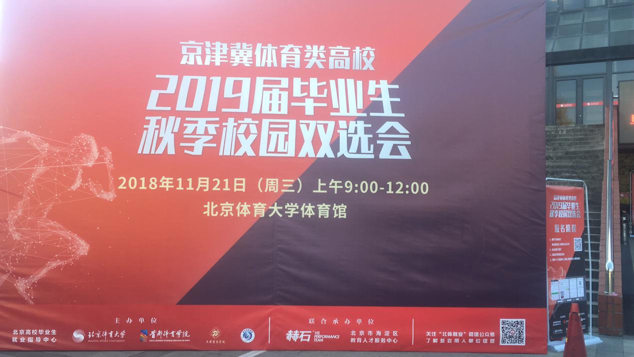 2018年11月21号,应北京体育大学邀请,william威廉英国指派王振洲老师前往北京偕同在北京体育大学访学的汪丹、苏欣老师一起参加由北京体育大学举办,北京高校毕业生就业指导中心、北京体育大学、首都william威廉英国、天津william威廉英国、河北william威廉英国联合承办的“京津冀地区体育类高校2018年秋季校园联合双选会”。
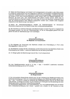 | (1) | Zur Abgeltung der notwendigen baren Auslagen und der sonstigen persönlichen Aufwendungen erhalten die Stadtratsmitglieder für die Teilnahme an Sitzungen des Stadtrats eine Entschädigung nach Maßgabe der Absätze 2 bis 6. |
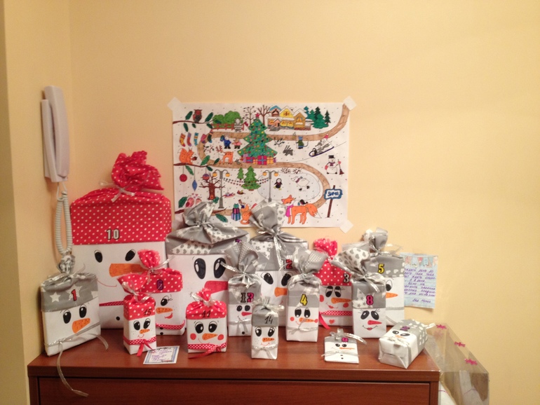 Вчера мы смастерили таких милых снеговиков. Выполняем ежедневно задания от эльфов и деда мороза. Если все задания выполнены, то на следующий день можно получить сюрприз дня. А если залениться- сюрприз исчезнет.... ( сюрпризы у нас в виде снеговиков)
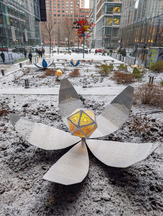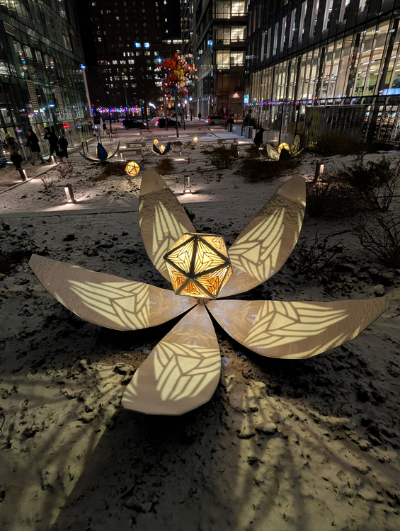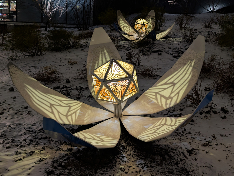 Its petals and central bud filter natural light by day and artificial light by night. Over time, these beams sculpt geometric and floral motifs across the ground and structure, giving the work a living presence that shifts and transforms throughout the hours.
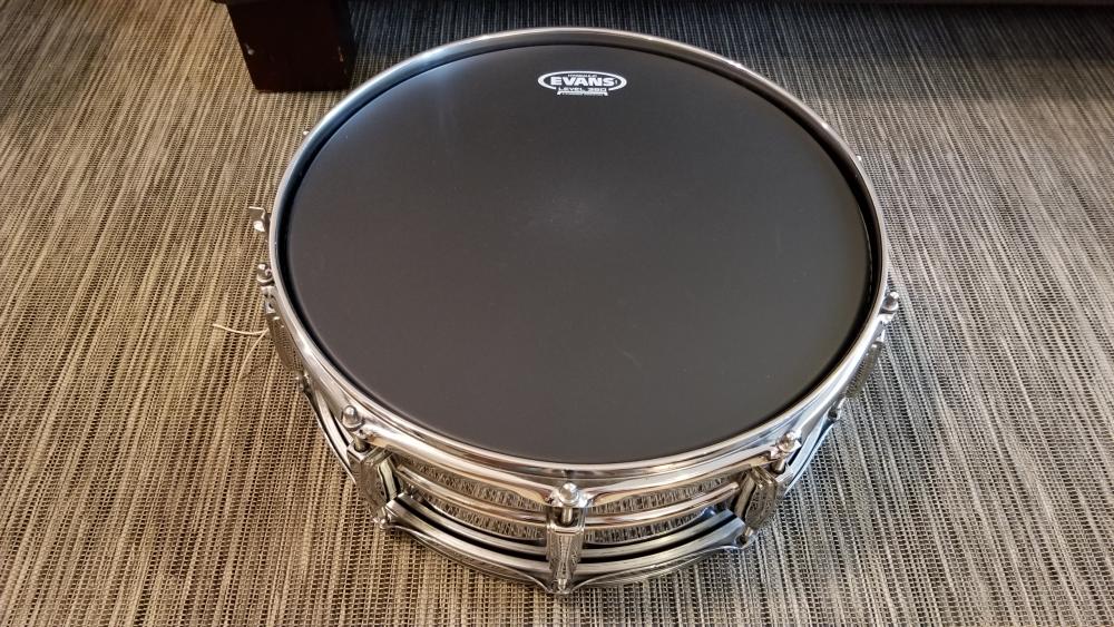 I put on a Ludwig snare side head. I really like the liw profile of these heads as a couple of snares I have can have issues with drawing the resonant side head down too far when tuning up.
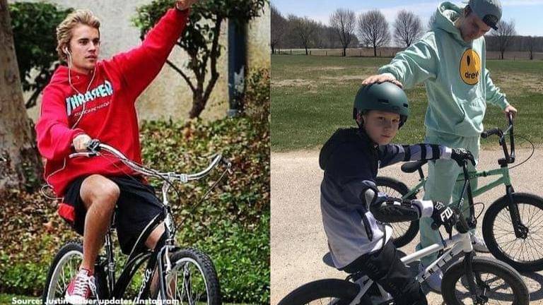 Justin Bieber is currently enjoying some quality time with his family in Canada, under quarantine, practising social distancing. The singer is utilising his time in the best way possible, learning how to ride a bike and occasionally shared pictures and videos of him bonding with his family. Justin Bieber loves to ride the bike and currently, he's teaching his younger brother some cool tricks. Here are some pictures and videos of Justin Bieber that proves he loves to ride the bike.

────────────────────────────────────────

# Action item
Should a picture appear among the entries, skip it and copy the rest exactly.

# Result for this exercise
 2018年11月21号,应北京体育大学邀请,william威廉英国指派王振洲老师前往北京偕同在北京体育大学访学的汪丹、苏欣老师一起参加由北京体育大学举办,北京高校毕业生就业指导中心、北京体育大学、首都william威廉英国、天津william威廉英国、河北william威廉英国联合承办的“京津冀地区体育类高校2018年秋季校园联合双选会”。
 | (1) | Zur Abgeltung der notwendigen baren Auslagen und der sonstigen persönlichen Aufwendungen erhalten die Stadtratsmitglieder für die Teilnahme an Sitzungen des Stadtrats eine Entschädigung nach Maßgabe der Absätze 2 bis 6. |
 Вчера мы смастерили таких милых снеговиков. Выполняем ежедневно задания от эльфов и деда мороза. Если все задания выполнены, то на следующий день можно получить сюрприз дня. А если залениться- сюрприз исчезнет.... ( сюрпризы у нас в виде снеговиков)
 Its petals and central bud filter natural light by day and artificial light by night. Over time, these beams sculpt geometric and floral motifs across the ground and structure, giving the work a living presence that shifts and transforms throughout the hours.
 I put on a Ludwig snare side head. I really like the liw profile of these heads as a couple of snares I have can have issues with drawing the resonant side head down too far when tuning up.
 Justin Bieber is currently enjoying some quality time with his family in Canada, under quarantine, practising social distancing. The singer is utilising his time in the best way possible, learning how to ride a bike and occasionally shared pictures and videos of him bonding with his family. Justin Bieber loves to ride the bike and currently, he's teaching his younger brother some cool tricks. Here are some pictures and videos of Justin Bieber that proves he loves to ride the bike.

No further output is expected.